Marina Monego [1961-2020], lettrice forte, scrittrice e catechista. Un ricordo

La professoressa Marina Monego [Venezia, 1961-Venezia, 2020] era una mia grande amica, una delle poche persone con cui parlavo veramente, e da circa venti anni. Era una critica letteraria sensibile e mai estranea alla cautela e alla misura; era una donna di singolare cristianità, adorata madre di due figli gentili; era una moglie innamorata come una ragazzina del suo adorato Daniele, uno degli ultimi venexiani.

Marina Monego aveva esordito come narratrice pubblicando una raccolta di racconti con un intellettuale romano, Enrico Campofreda, a metà anni Zero. Il testo si chiamava “L’urlo e il sorriso”. Poi la sua attività artistica si era ridotta, pubblicamente si era proprio fermata. Nel tempo, aveva invece continuato a dedicare un numero notevole di pagine alle sue letture, approfondite con umanità e competenza. Aveva una passione profondissima per Cesare Pavese e per Enzo Bianchi, il priore di Bose; adorava la letteratura di viaggio (e sulla letteratura di viaggio s’era laureata, a Ca’ Foscari) e tuttavia non era un’irrequieta o una vagabonda. Era umanissima ed elegante. Una persona pulita.

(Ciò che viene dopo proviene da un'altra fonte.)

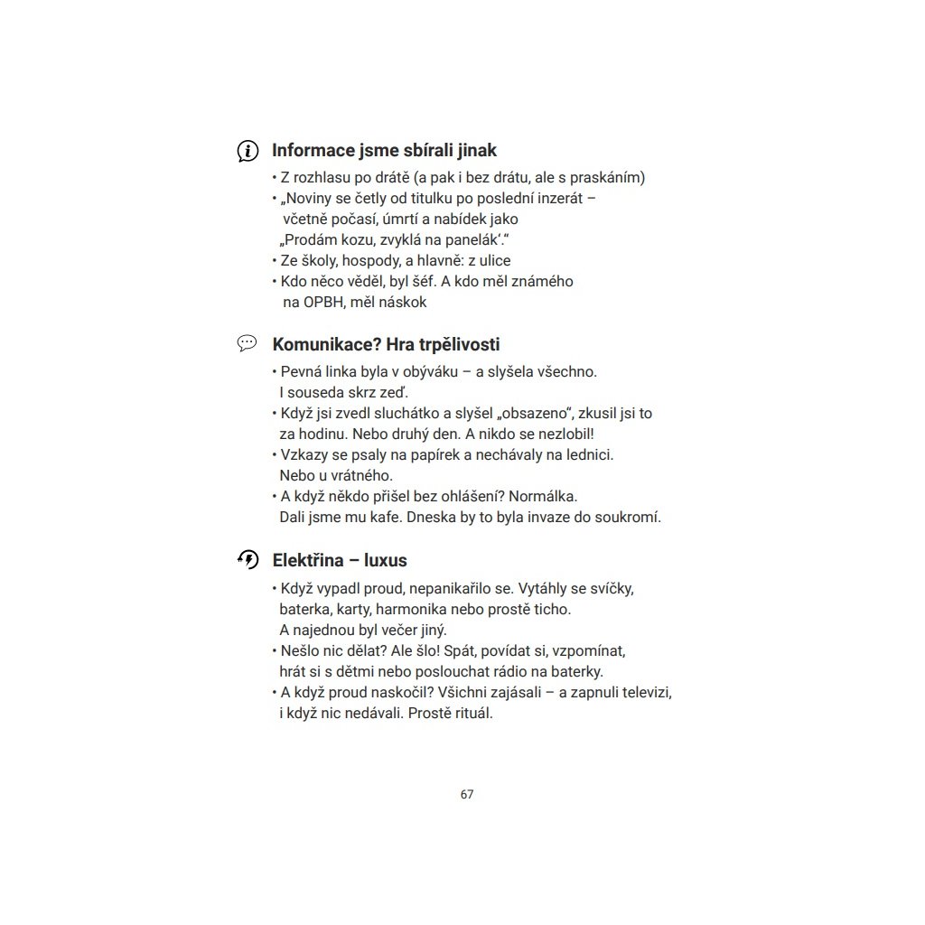 Najdete tu vše od dětství bez helmy, přes první pusy, vojnu, televizní večery, až po sex po sedmdesátce (ano, i ten tu má své místo – decentně!).

Se n’è andata circa un anno fa, nel marzo 2020, per qualcosa con cui stava combattendo da tempo. Erano le prime settimane dell’epidemia che sta infestando e disorientando l’Europa e l’Occidente, in genere; un disordine terribile sfigurava i pensieri e le emozioni di quasi tutti. Qualcuno ha pensato fosse stata quella malattia là, quella peste cinese che ci sta scombussolando. Non era. Io non ho saputo dire che poche parole, là per là. Ho pensato a cosa era successo, all’impossibilità di andare a Venezia ad abbracciare Daniele e dire “grazie” a Marina, a questo scenario catastrofico in cui è diventato difficile anche accompagnare qualcuno al di là di questo tempo.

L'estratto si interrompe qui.